▶ WORK ITEM
What's wanted is a faithful retyping of every entry, pictures excluded.

Records contained in a dataset:

——

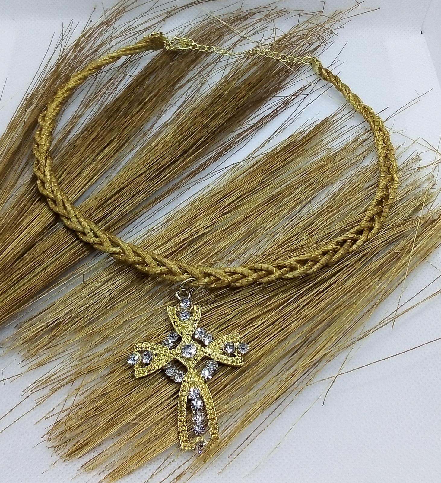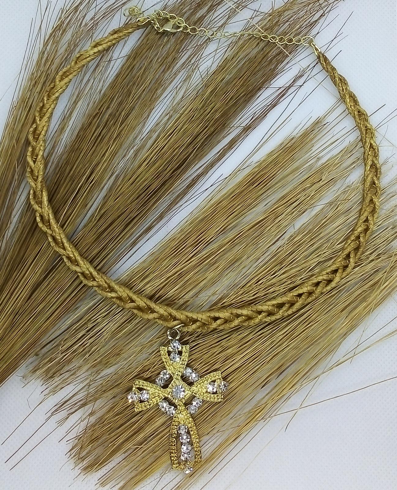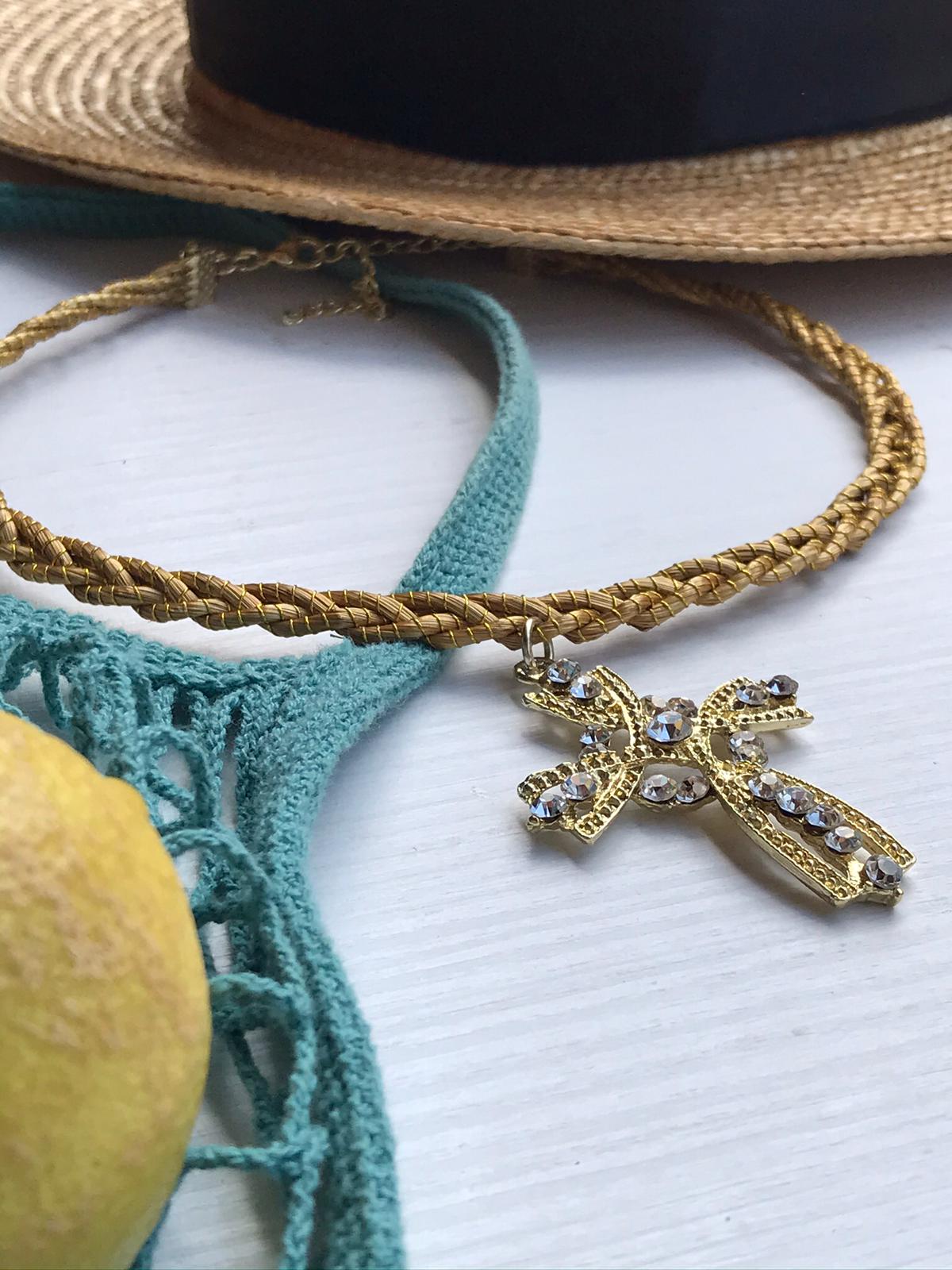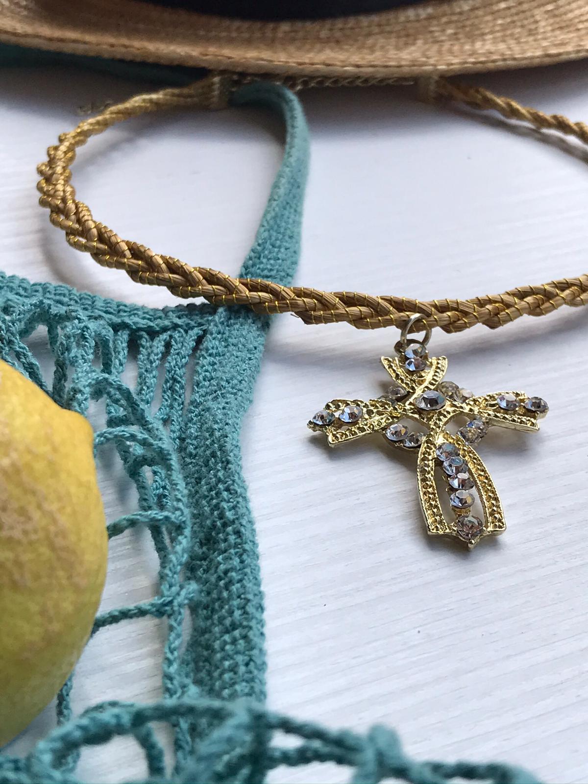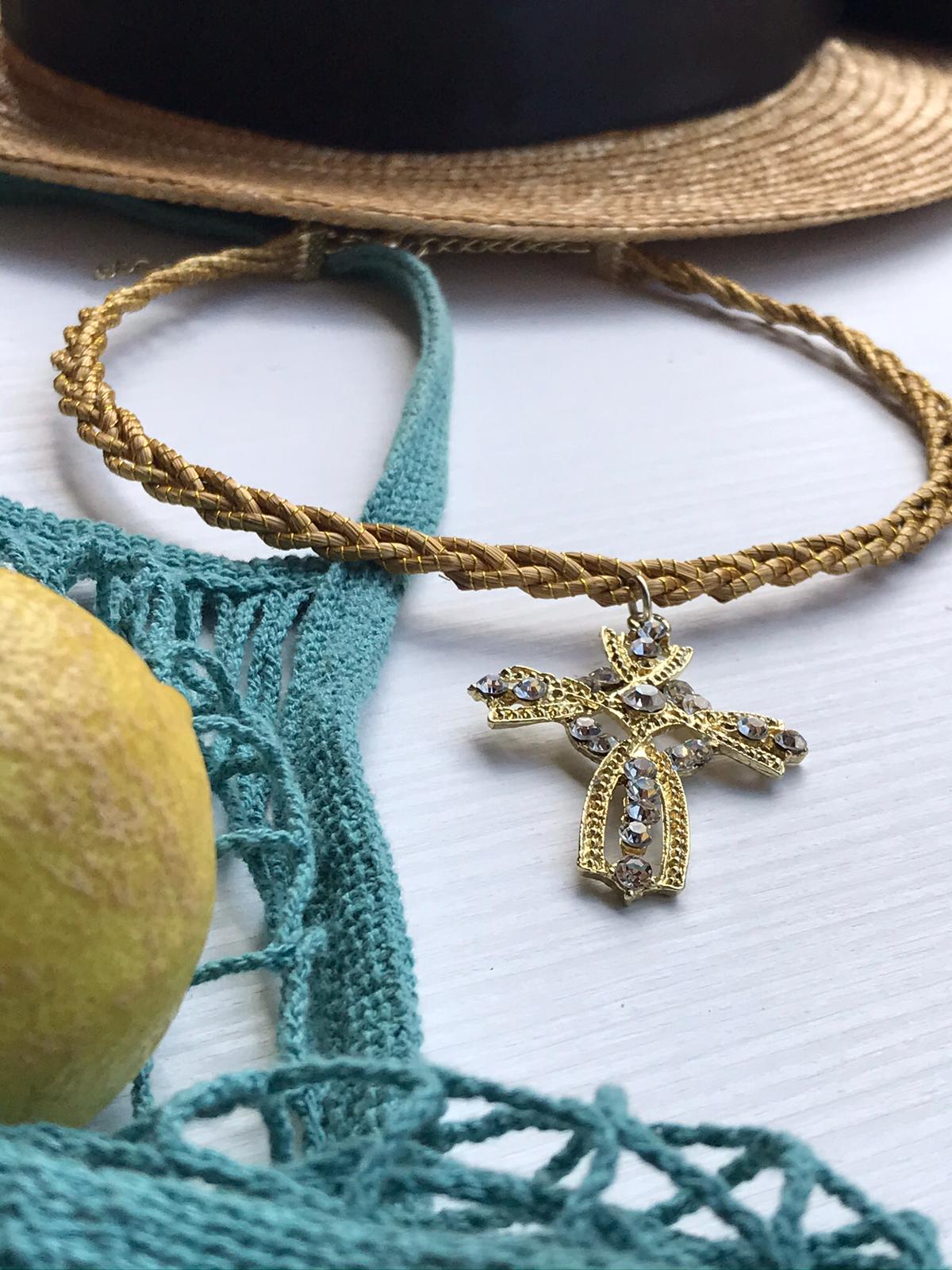 Girocollo rigido intrecciato Capim Dourado com ciondolo in croce con strass bianco
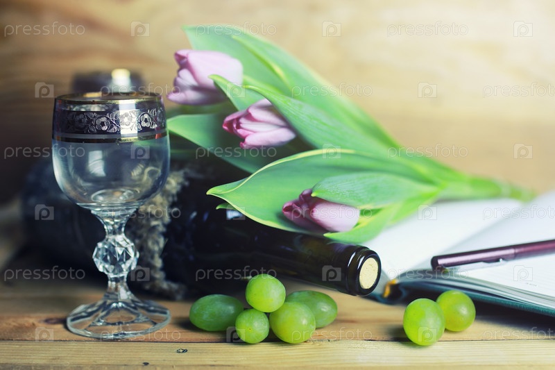 Вино, цветы и виноград
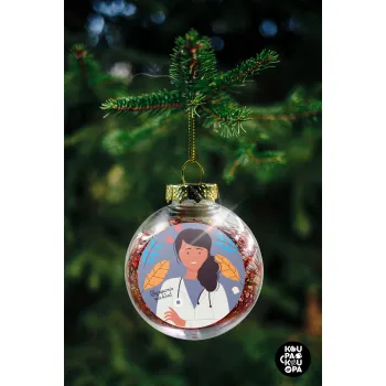 Doctor Thanks You, Transparent Christmas tree ball ornament with red filling 8cm
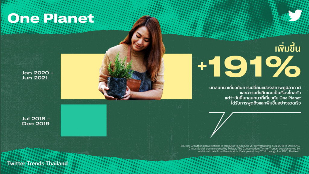 เทรนด์บทสนทนาที่มีการเติบโตรวดเร็วที่สุดบนทวิตเตอร์ประเทศไทย สูงถึง 191% เนื่องจากบทสนทนาที่เกี่ยวกับสิ่งแวดล้อมและความยั่งยืนกลายเป็นเรื่องที่อยู่ในกระแสหลัก คนไทยเริ่มใส่ใจ ขวนขวายหาข้อมูลเกี่ยวกับเรื่องเหล่านี้มากขึ้น เช่น เรื่องภาวะโลกร้อน และความปลอดภัยของสิ่งมีชีวิตในมหาสมุทร
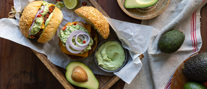 - For the burgers, roughly mash the avocados, lime juice and mayo. Season with salt and pepper. Blitz ¼ of the mixture with the garlic and 30 ml (2 tbsp) extra mayonnaise to form an Avo Aioli sauce. Fold the coriander and chilli through the remaining smashed avo.
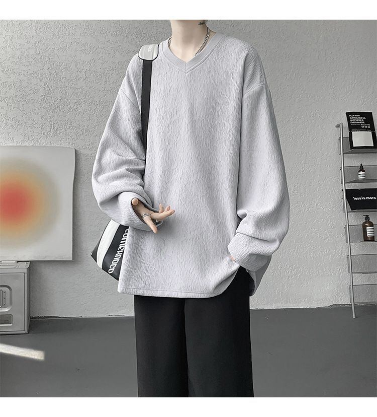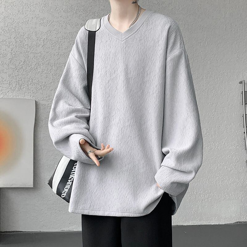 【メンズ】無地 テクスチャード ハートネック ゆったり 長袖 Tシャツ クルーネック ジャージー生地 カジュアル ベーストップ 着回し万能
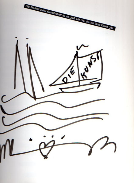 Schult, HA – Thomas Höpker, Eva Windmöller, Klaus Honnef: Fetisch Auto. Erste Auflage. Düsseldorf. Claassen Verlag. 1989. 29 x 24 cm. 147 S. OKarton mit OKlappenumschlag. Rücken mit leichter Leseknitterung, sonst sehr gutes Exemplar. Sxeite 3 mit einer ganzseitigen Filzstift-Zeichnung von HA Schult, signiert. Durchgehend mit meist farbigen Abbildungen versehen.
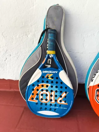 Se venden dos palas de pádel, una de color naranja con el número 700 y la marca Artengo, y otra de color rojo con un diseño llamativo. - Pala naranja con detalles blancos. - Pala roja con diseño multicolor.
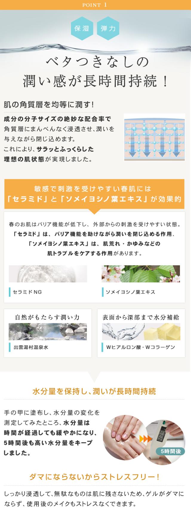 水、BG、グリセリン、パルミチン酸エチルヘキシル、メチルグルセス−10、ベタイン、DPG、セラミドNG、ソメイヨシノ葉エキス、温泉水、ヒアルロン酸Na、加水分解ヒアルロン酸、水溶性コラーゲン、加水分解コラーゲン、白金、プラセンタエキス、α−アルブチン、ダイズ種子エキス、モモ葉エキス、アラントイン、トコフェロール、マンニトール、炭酸水素Na、銀、オレンジ油、ラベンダー油、リナロール、ゲラニオール、結晶セルロース、グリチルリチン酸2K、ユビキノン、カルボマー、セルロースガム、水酸化K、ヒドロキシプロピルメチルセルロース、酸化鉄、メチルパラベン

——

▶ WRITTEN SOLUTION
 Girocollo rigido intrecciato Capim Dourado com ciondolo in croce con strass bianco
 Вино, цветы и виноград
 Doctor Thanks You, Transparent Christmas tree ball ornament with red filling 8cm
 เทรนด์บทสนทนาที่มีการเติบโตรวดเร็วที่สุดบนทวิตเตอร์ประเทศไทย สูงถึง 191% เนื่องจากบทสนทนาที่เกี่ยวกับสิ่งแวดล้อมและความยั่งยืนกลายเป็นเรื่องที่อยู่ในกระแสหลัก คนไทยเริ่มใส่ใจ ขวนขวายหาข้อมูลเกี่ยวกับเรื่องเหล่านี้มากขึ้น เช่น เรื่องภาวะโลกร้อน และความปลอดภัยของสิ่งมีชีวิตในมหาสมุทร
 - For the burgers, roughly mash the avocados, lime juice and mayo. Season with salt and pepper. Blitz ¼ of the mixture with the garlic and 30 ml (2 tbsp) extra mayonnaise to form an Avo Aioli sauce. Fold the coriander and chilli through the remaining smashed avo.
 【メンズ】無地 テクスチャード ハートネック ゆったり 長袖 Tシャツ クルーネック ジャージー生地 カジュアル ベーストップ 着回し万能
 Schult, HA – Thomas Höpker, Eva Windmöller, Klaus Honnef: Fetisch Auto. Erste Auflage. Düsseldorf. Claassen Verlag. 1989. 29 x 24 cm. 147 S. OKarton mit OKlappenumschlag. Rücken mit leichter Leseknitterung, sonst sehr gutes Exemplar. Sxeite 3 mit einer ganzseitigen Filzstift-Zeichnung von HA Schult, signiert. Durchgehend mit meist farbigen Abbildungen versehen.
 Se venden dos palas de pádel, una de color naranja con el número 700 y la marca Artengo, y otra de color rojo con un diseño llamativo. - Pala naranja con detalles blancos. - Pala roja con diseño multicolor.
 水、BG、グリセリン、パルミチン酸エチルヘキシル、メチルグルセス−10、ベタイン、DPG、セラミドNG、ソメイヨシノ葉エキス、温泉水、ヒアルロン酸Na、加水分解ヒアルロン酸、水溶性コラーゲン、加水分解コラーゲン、白金、プラセンタエキス、α−アルブチン、ダイズ種子エキス、モモ葉エキス、アラントイン、トコフェロール、マンニトール、炭酸水素Na、銀、オレンジ油、ラベンダー油、リナロール、ゲラニオール、結晶セルロース、グリチルリチン酸2K、ユビキノン、カルボマー、セルロースガム、水酸化K、ヒドロキシプロピルメチルセルロース、酸化鉄、メチルパラベン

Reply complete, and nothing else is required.